Benjamin J. Fountain '05

— Painting Alumnus —

ben fountain

“To make a painting is a declaration,” says Benjamin J. Fountain, known to most as Benny. “At a base level, the drive to make art comes out of an astonishment at life, at the world, at the way the world looks through my particular eyes. It just feels like
it’s full of mystery and goodness… I love to communicate that to others.”

Communicating his inspiration has earned this 2005 PNCA alumnus a prestigious Jack Kent Cooke Foundation Scholarship. It will cover all his graduate school expenses, from tuition to travel to art supplies, as he studies for a year in Rome and earns his MFA from Tyler School of Art in Philadelphia.

Life and art are taking Benny far from Moscow, Idaho, where he grew up surrounded by rolling farmlands. “The bright green new sprouts of spring give way to summer’s colors of pale greens, red browns, and the rich gold of wheat.
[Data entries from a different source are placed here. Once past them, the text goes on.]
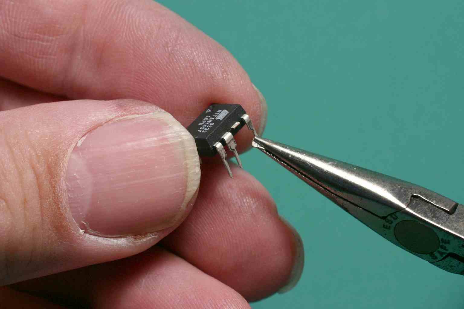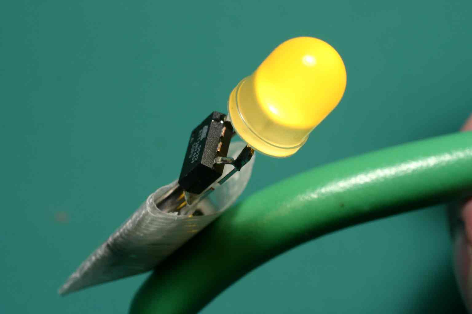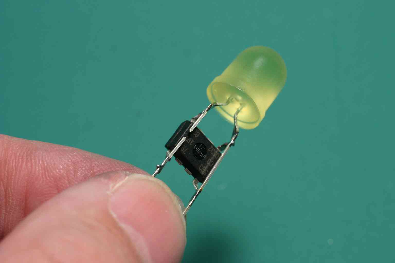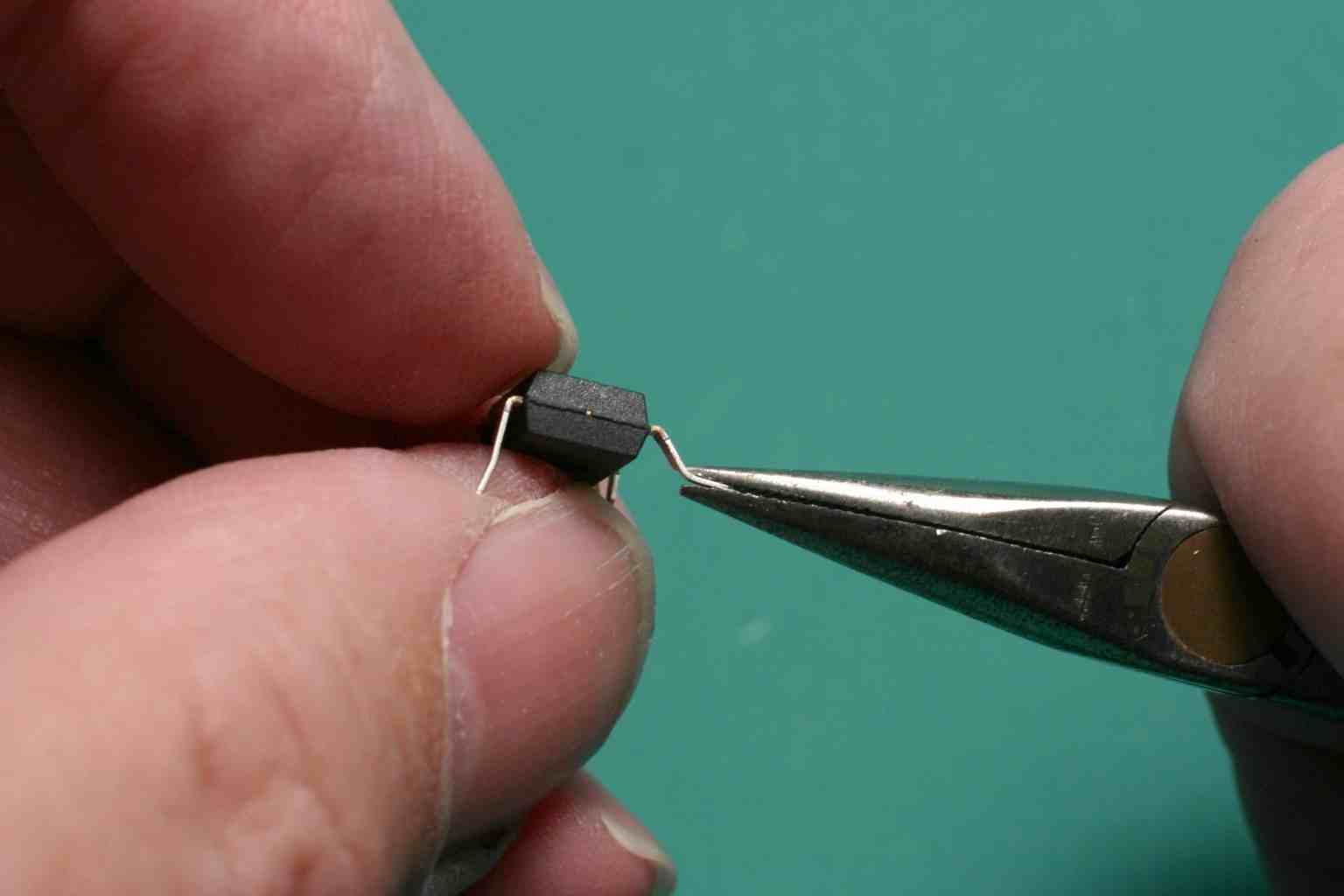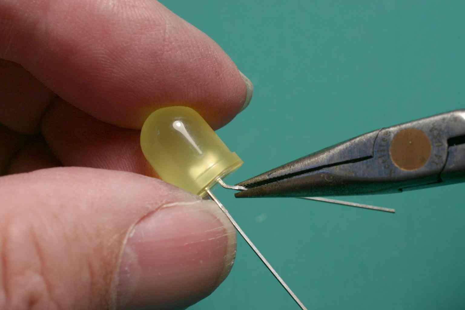 LED Throwies are an inexpensive way to add color to any ferromagnetic surface in your neighborhood. A Throwie consists of a lithium battery, a 10mm diffused LED and a rare-earth magnet taped together. Throw it up high and in quantity to impress your friends and city officials. We met the folks from the lab at the MakerFaire; built a few throwies under their direction; and then computerized one using a part loaded with MorseCompanion that we'd been showing off the day before.; ATtiny45 ; --v-- ; +--- rst -|-----|- vcc --->|-+ ; --- | | | ; ----- | | | ; +--- gnd -|-- --|- keyout ---+ ; ----- ; 8MhzMechanically this worked out great. We just clipped off the unused pins; layed the part across the leads of the LED; soldered; and then cut a gap in the ground lead that the computer would electrically "close" to make the Throwie light. PatCunningham has written an "instructable" for this project and we offer our own version of step-by-step instructions below. Step-by-Step Instructions This project is a "mashup" of two projects offered at the MakerFaire. You will need parts from the GRL Throwie kit and the Cybords MakerProject kit. Step 1 Locate the #1 computer from the cyboards kit. This is a Atmel AVR Tiny45 (ATTINY45V) preprogrammed with MorseCompanion. Remove the label which is for identification only. Step 2 Remove unused pins. Bend the center pins back and forth until they break off. Do not remove the pins located in the four corners of the part. Step 3 Bend remaining pins. Bend each pin 45 degrees away from the center of the part. Then bend the thiner part of each pin an additional 45 degrees until they are horizontal. Step 4 Locate a large light-emitting diode (LED) in the GRL kit. Bend both of its pins so that it is has the same spacing as the pins on the computer. Step 5 Position the computer. Orient the computer so that the top-side (pins 5 and 8) overlay the LED. The pin one marker, a small dot molded into the computer's plastic case, will align with the longer of two leads. Hold the computer in place with needle-nose pliers. Step 6 Solder the pins. Heat both leads and then apply a small amount of solder. Wait for it to flow. Hold the LED by hand and solder the fourth pin the same way. The computer/throwie should look like this. Step 7 Use diagonal cutters to cut the ground (minus) lead between the two pins on the computer. Make a second cut nearby and remove a small amount of metal so that current cannot flow except through the computer. Step 8 Locate the Lithium-Ion battery in the GRL kit. Identify it's plus (+) side. Step 9 Test the part by holding the longer lead against the plus side and the shorter lead against the minus side of the battery. If the light does not light and blink, try reversing the connection or try a fresh battery. Step 10 Tape the leads. Tape one side, fold, then tape the other. Start at the end of the tape so that there is free tape remaining after taping both sides. Step 11 Locate a Rare-Earth magnet in the GRL kit. Place it against the first side taped and continue tapeing so that the LED leads and the magnet are held firmly in place. This completes the ComputerizedThrowie. It should be blinking brightly. The magnet is strong enough to lodge the throwie agains ferrous serfaces even when thrown from some distance. Here the thowie is adhearing to the handle of the pliers used to construct it. See animated versions of these pictures here: We don't yet know how long the batteries will last. The non-computerized versions last a week or so. The computer takes some additional power but saves some power too by not running the light continuously. The computer will detect low voltage and reset. There may be sufficient battery life left for other applications.
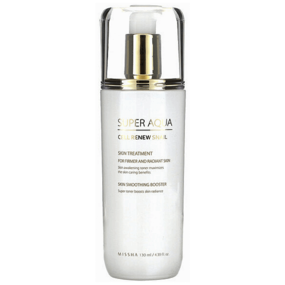 2-в-1: бустер + тонер с экстрактом улитки Missha Super Aqua Cell Renew Snail Skin Treatment, созданный для придания коже упругости и увеличения эффективности последующих этапов ухода за кожей. Благодаря легкой текстуре геля тонер легко наносится и быстро впитывается. Содержит 30% вытяжки секреции улиточной слизи.
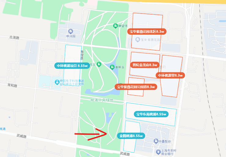 整个项目包含两个地块,地理位置就在宝华紫薇之星南侧,联动价8.55万元/㎡。这块地是2023年四批次土拍时由金隅地产拿下,也是紧挨桃浦绿地的景观房。
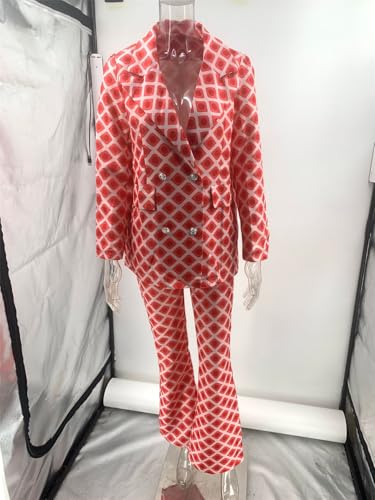 Women's Sexy 2 PCS Printed Double-Breasted Blazer Jackets Bodycon Pants Cocktail Party Outfits Tracksuit Sweatsuit Set 2
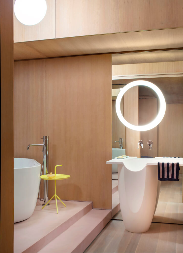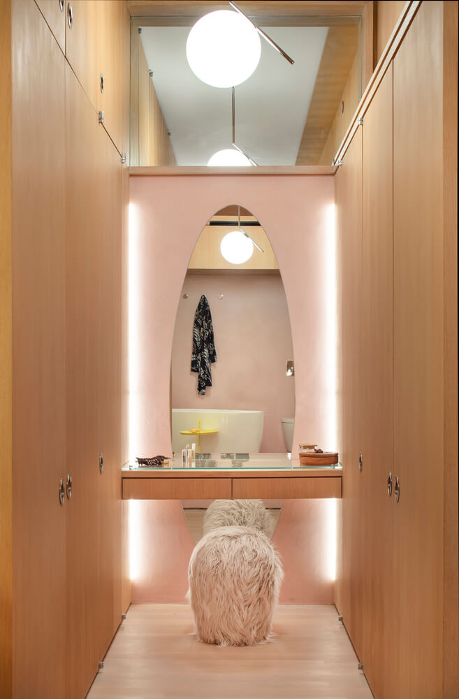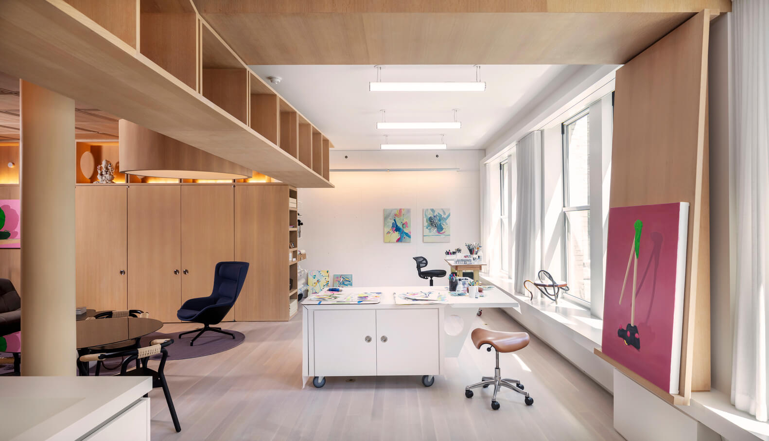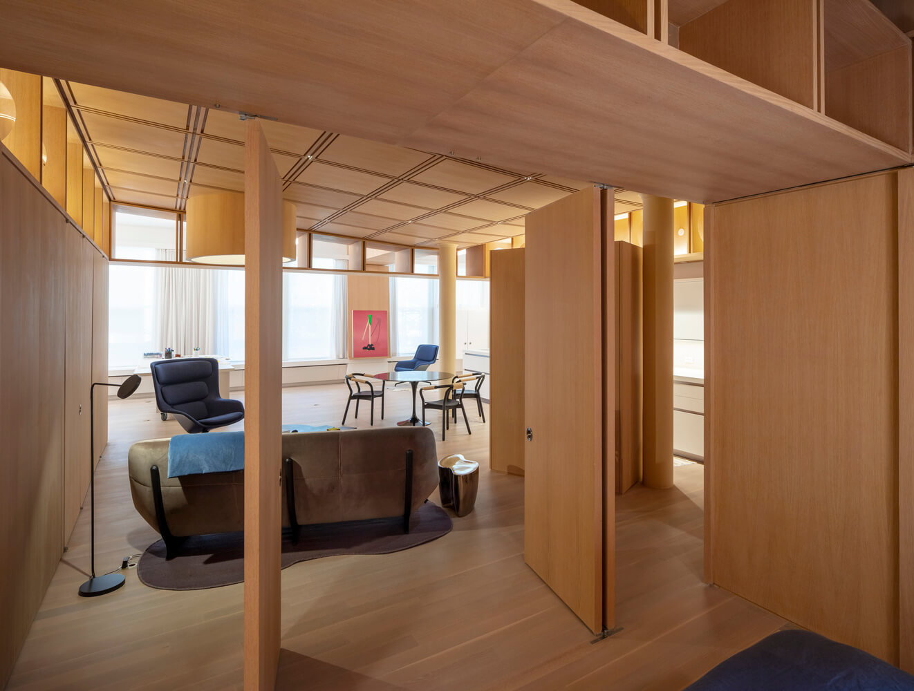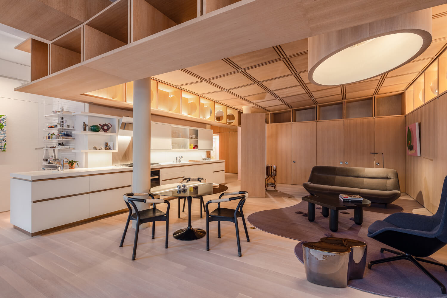 생활공간 거실의 러그는 연못과 같은 형태로 디자인하여 불규칙한 모양을 띄며 천장의 뚜렷한 격자 디자인 아래에서 모호성을 증폭시킵니다. 건너편에 있는 맞춤형 주방은 벽을 따라 요리에서 스튜디오 공간으로 자연스럽게 미끄러져 가며 전환됩니다.

In harvest time the
combines kick up dry red dirt and wheat chaff, creating a haze in the air that blurs the horizon and tints the bright blue sky with a purple haze,” he writes of the landscape informing his aesthetic. He returns to Idaho frequently to visit family and paint.

grams"Untitled" oil on board, 2004

Supportive family members and nurturing high school teachers encouraged Benny’s budding artistic talent, and he eventually studied Painting at PNCA. “I think it was really good,” he says of the experience, especially “having teachers that were really
good painters. You could go and see a show that they were having out in galleries. Before I chose my classes, I’d look up my teachers on the Internet and see their work. There was a lot of inspiration from seeing their art and their lives.”

He also cites his professors’ approach to critiques and criticism as very important to his artwork. “I grew up with this idea that artists just do what they want and no one can touch that, no one can critique that,” Benny explains. But he’d reached the point where he wanted serious critique in order to advance his skills and discover whether his ideas were “being accurately expressed or insufficiently expressed.”

kitchen"Emma's Kitchen," oil on panel, 2004

The Painting department fulfilled his wish. “We were encouraged to participate in critiques, and I think it really helped, to be able to put your criticism into words, to learn how to do that in a way that doesn’t cut, that doesn’t hurt people. The stuff that you’re doing is pretty personal… I learned to take criticism well.” He says this definitely helped his work, which received the College’s annual Thesis Award.

As for the future, Benny plans to be a working artist and teacher. “I would love it if I could continue to probe into painting, to find out what it’s capable of, for the rest of my life,” he says. “Also, I truly do enjoy opening up that realm to others, through
teaching. I could see myself being like a lot of my professors —they are teaching, whether full time or not — and continuing with my artwork.”